Angeklagter richtete den letzten Schuss gegen sich selbst
Der Schüler war wenige Meter von der Haustür entfernt, als der erste Schuss fiel. Er traf ihn in die Wade und brachte ihn zu Fall. S. drehte sich auf den Rücken und hielt seine Hände schützend vor sein Gesicht, als G. weitere Schüsse abfeuerte. Sie trafen den 16-Jährigen in die Hand und in den Kopf. Die Mutter des Schülers sah den grausamen Vorgang und wählte den Notruf. Der Angeklagte G. setzte sich auf den Rad eines Hochbeets und hielt seine Waffe von unten an den Kopf. In suizidaler Absicht feuerte er den fünften und letzten Schuss auf sich selbst.
Schüler stirbt nur wenige Tage später
Um 7:37 Uhr wurde die Polizei in Bramsche verständigt. Nach Angaben eines Zeugen trafen die Beamten nur wenige Minuten später am Einsatzort ein. Zunächst entwaffneten sie den Angeklagten, der die Schusswaffe trotz des Kopfschusses fest in der rechten Hand hielt. Dann brachten sie den schwerverletzten Schüler einige Meter weiter zum Parkplatz und begannen umgehend mit Rettungsmaßnahmen. Doch die Verletzungen des Schülers waren zu schwer: Nur wenige Tage später, am 1. März, verstarb der Junge aufgrund massiver Hirnverletzungen im Marienhospital Osnabrück.
G. erwarb die Waffe als Sportschütze
Der Angeklagte G. überlebte seinen Kopfschuss und befindet sich seit dem 1. März in Untersuchungshaft. In Italien geboren und im Studium nach Deutschland verzogen, ist er seit fast 20 Jahren im Ruhestand und leitete zuletzt eine Pizzeria im Familienbetrieb. Die Sportpistole, mit der G. am 28. Februar fünf Schüsse feuerte, hatte er legal als Sportschütze erworben – allerdings wurde sie in den 80er Jahren für den Landkreis Vechta registriert.

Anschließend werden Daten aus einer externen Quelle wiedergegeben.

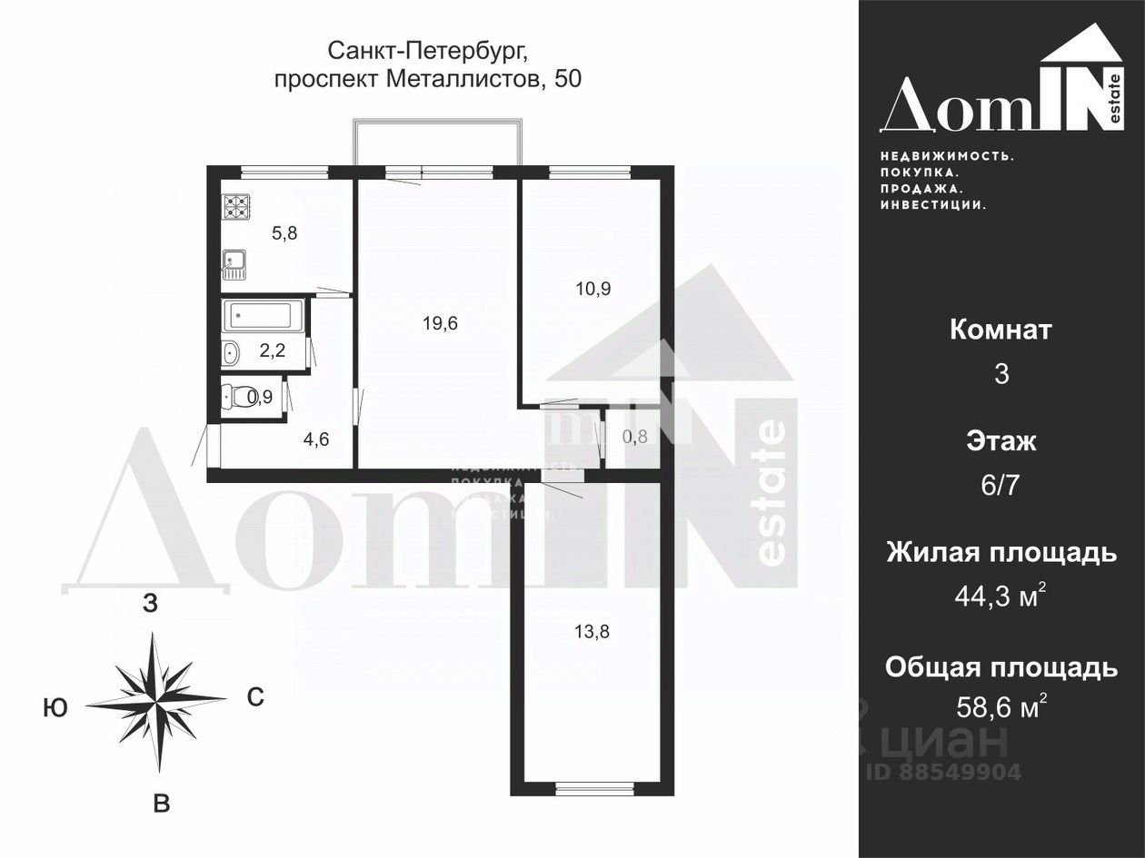 продам 3-к, Металлистов проспект, 5016 000 000 ₽
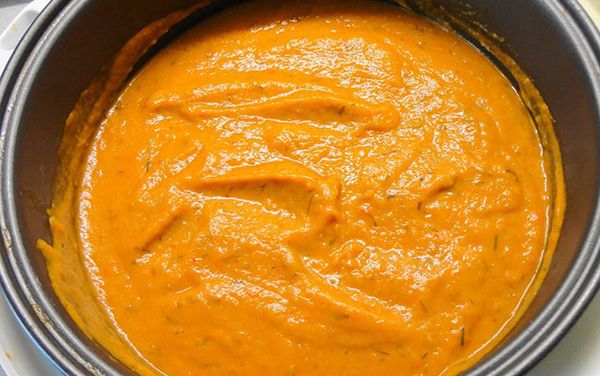 Ajouter la pâte de tomate, le sucre, les épices. Fermez le multicuiseur et réglez le mode mijotage pendant 2 heures. Remuer toutes les 15 minutes.
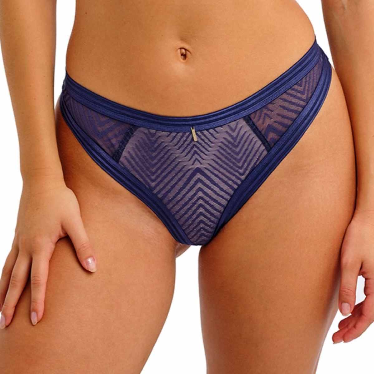 Complete the collection with the Tailored Brazilian, a stretch geo-lace front style featuring light lining in front for modesty and a fold over finish at the back for no VPL. Delicately finished with a rose gold bar trim at the centre front
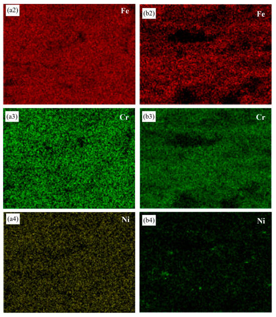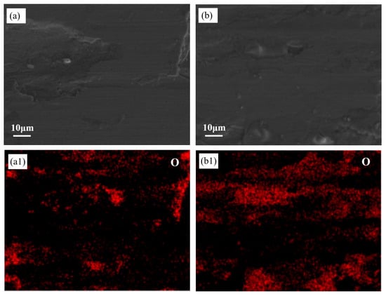 Figure 9 illustrates the elemental distribution after wear at a 20 N load on both coatings. It can be observed that the distribution of elements in the coating is relatively uniform, and oxygen elements exist in all of them and are locally covered on the surface of the grinding mark. This is attributed to the heat generated in the reciprocating friction process, and the oxidation layer formed during wear is attached to the worn surface, resulting in oxidative wear in some areas. This conclusion can also be confirmed by the data reflected in SEM images in Figure 8c,d. Comparing Figure 9(a1,b1), it is evident that the oxidative wear is more pronounced in the T2.1 coating than in the T0.3 coating. This phenomenon is primarily attributable to the higher content of the BCC phase in the T2.1 coating microstructure. The enhanced BCC phase fraction strengthened the coating hardness, thereby rendering the coating more resistant to being plowed through during wear testing. Consequently, this led to localized temperature elevation, which promoted thermal oxidation.

Nach seinem Umzug in den Landkreis Osnabrück behielt G. die Waffe und meldete sie nicht um.
Mutter des Schülers ist Nebenklägerin
Das Landgericht Osnabrück hat insgesamt neun Prozesstage angesetzt, um über die Tat des Angeklagten zu verhandeln. Der Vorwurf der Staatsanwaltschaft wiegt schwer: heimtückischer Mord aus niedrigen Beweggründen. Heimtückisch, weil G. dem Schüler aufgelauert habe. Niedrige Beweggründe, weil der Grund für die tödlichen Schüsse angebliche Lärmbelästigung gewesen sei. Nebenklägerin im Prozess gegen G. ist die Mutter des getöteten Schülers. Sie selbst war nicht beim Prozessauftakt anwesend.
Angeklagter sagte noch nicht aus
Eine Dolmetscherin übersetzte den Prozessinhalt für G. simultan auf Italienisch, weil sein Gehör beeinträchtigt sei und er besser Italienisch als Deutsch könne. Während der Richter zwei Zeugen verhörte und Bilder der Spurensicherung vom 28. Februar als Beweise aufnahm, saß G. mit überschlagenen Beinen und verschränkten Armen auf der Anklagebank. Die Fotos der blutverschmierten Hose des getöteten Schülers und der Blutlachen vor dem Haus nahm er mit stoischem Gesichtsausdruck zur Kenntnis. Er selbst sagte im Prozessauftakt noch nicht aus – es würden noch wichtige Gutachten fehlen. Wie hoch das Strafmaß für den 82-Jährigen ausfällt, wird sich in den kommenden Prozesstagen zeigen.